Saturday, March 26, 2011

Seriously?



Today, having just gotten home from doing client visits I was tired and wanting to read a book, but still had a bunch of phone calls to do.  So as usual I bribed myself with 15 minutes of reading now and a promise of hours of reading later.  When I got up from my illicit fifteen minutes of reading in the bedroom and went out into the living room what met my eyes but a veritable flood of water inching across the dining room floor towards my feet.  Yes, this is my life and I don’t even have kids yet.  Oh boy! 

The source: Oliver’s water bowl.  


 Notice the lack of any water in it?  Yeah. 

Now there are a couple very good explanations for a situation like this which have happened before:  

1.)    Oliver got too excited jumping around and landed his big paws on the side of the bowl, tipping it and dousing him and any unsuspecting creatures near him.  But, as neither of the Little Girls was wet and neither was Oliver, I ruled this one out.  

2.)    Lilly, feeling that the conventional way of drinking water by putting only her head in the bowl is boring, stepped into the bowl to simultaneously cool her feet and get a drink. Oliver’s water bowl is big enough she uses it as her own personal swimming pool in the summer.  True story.  When she steps out she tracks water all over the floor.  Pomeranian fur is amazingly absorbent.
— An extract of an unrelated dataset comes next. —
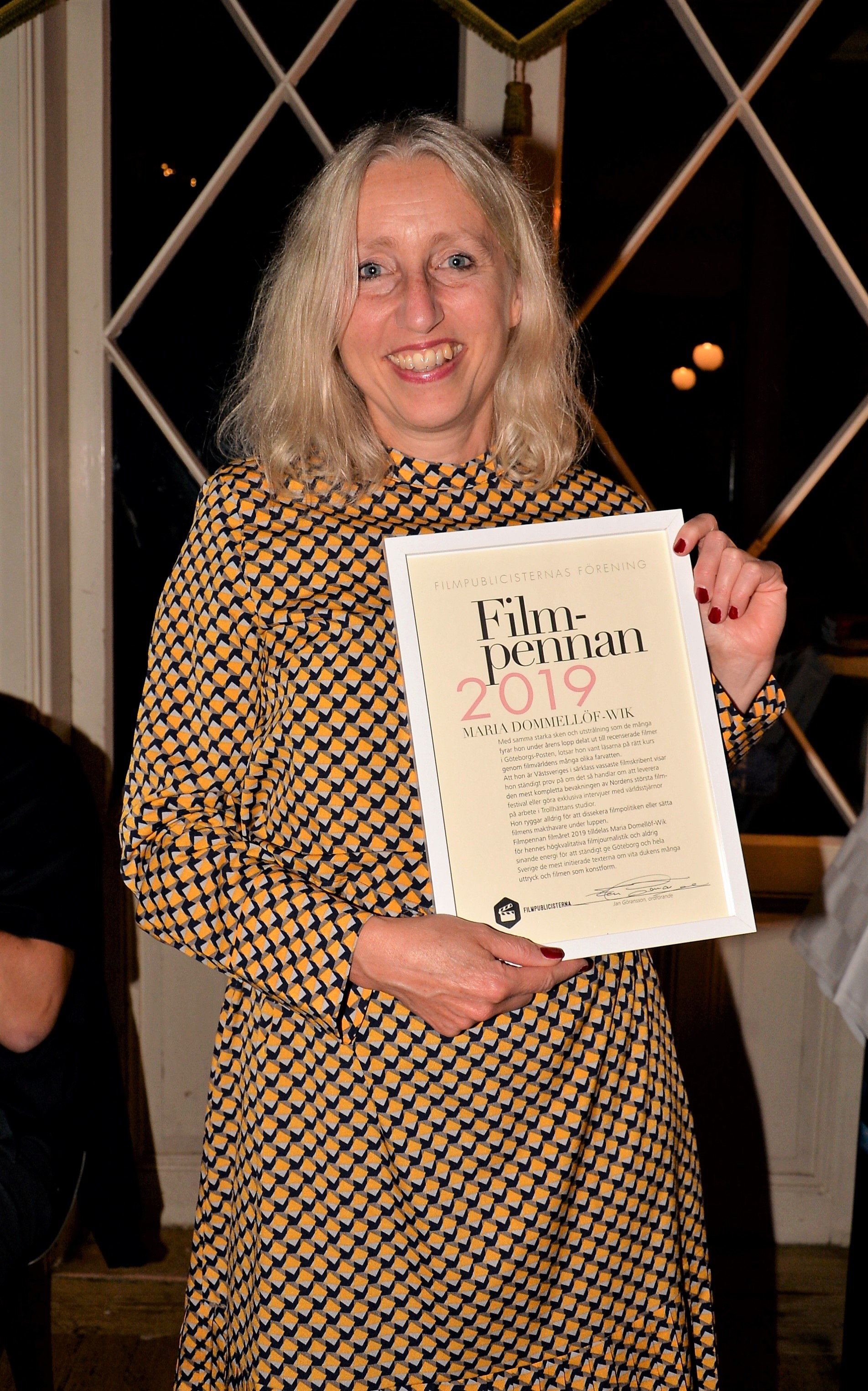 Filmpennan, för framstående filmjournalistiska insatser, tilldelas Maria Domellöf Wik, Göteborgs-Posten.

But seeing, as I said, that none of the dogs were really wet and frankly Lilly couldn’t displace that much water if she did a cannon ball, I ruled this one out too.  

3.)    Oliver chased one of the cats through the dish.  As I didn’t hear a commotion and all the cats were also dry (and disgruntled by me waking them up from their naps to feel their fur for dampness), I ruled this one out too. 

Then I noticed that there was a lot of water, and I mean a lot, dripping from Oliver’s mouth.  He drools, I’ll admit that. 



 
I tried to get a picture of him drooling.... 


And tried...


And failed...



And failed... 


But anyways, the water dripping from Oliver's mouth was far more than drool.  I looked closer.  Oliver waggled his whole body.  I stepped closer.  Oliver lifted his snout to be petted.  Water fell on my toes.  I said “Gross!”  Oliver looked offended.  And then I saw the slightest bit of Ducky-fur in Oliver’s mouth.  Apparently, soaking wet, his favorite decimated toy Ducky shrinks and can fit fully in Oliver’s mouth. “Drop it,” I said.  Oliver dropped it. 

With a wet splat Ducky-remnants landed at my feet.  Now there’s an image.  Splat is such an evocative word, don’t you think?

Best I can figure Ducky somehow got dropped in Oliver’s water bowl and was then gallantly rescued by my big mutt who proceeded to wring Ducky out all over the house.  I found a puddle on the couch.  I found wet footprints in the kitchen.  I found a small pond in front of the baby gate to the back bedrooms where Oliver watches the forbidden kitties.  He had even christened the seat of my kitchen chair with water.   The seat where I was about to sit down and commence working again. 

This is when my mantra comes in handy. 

I love my dogs. I love my dogs. I love my dogs.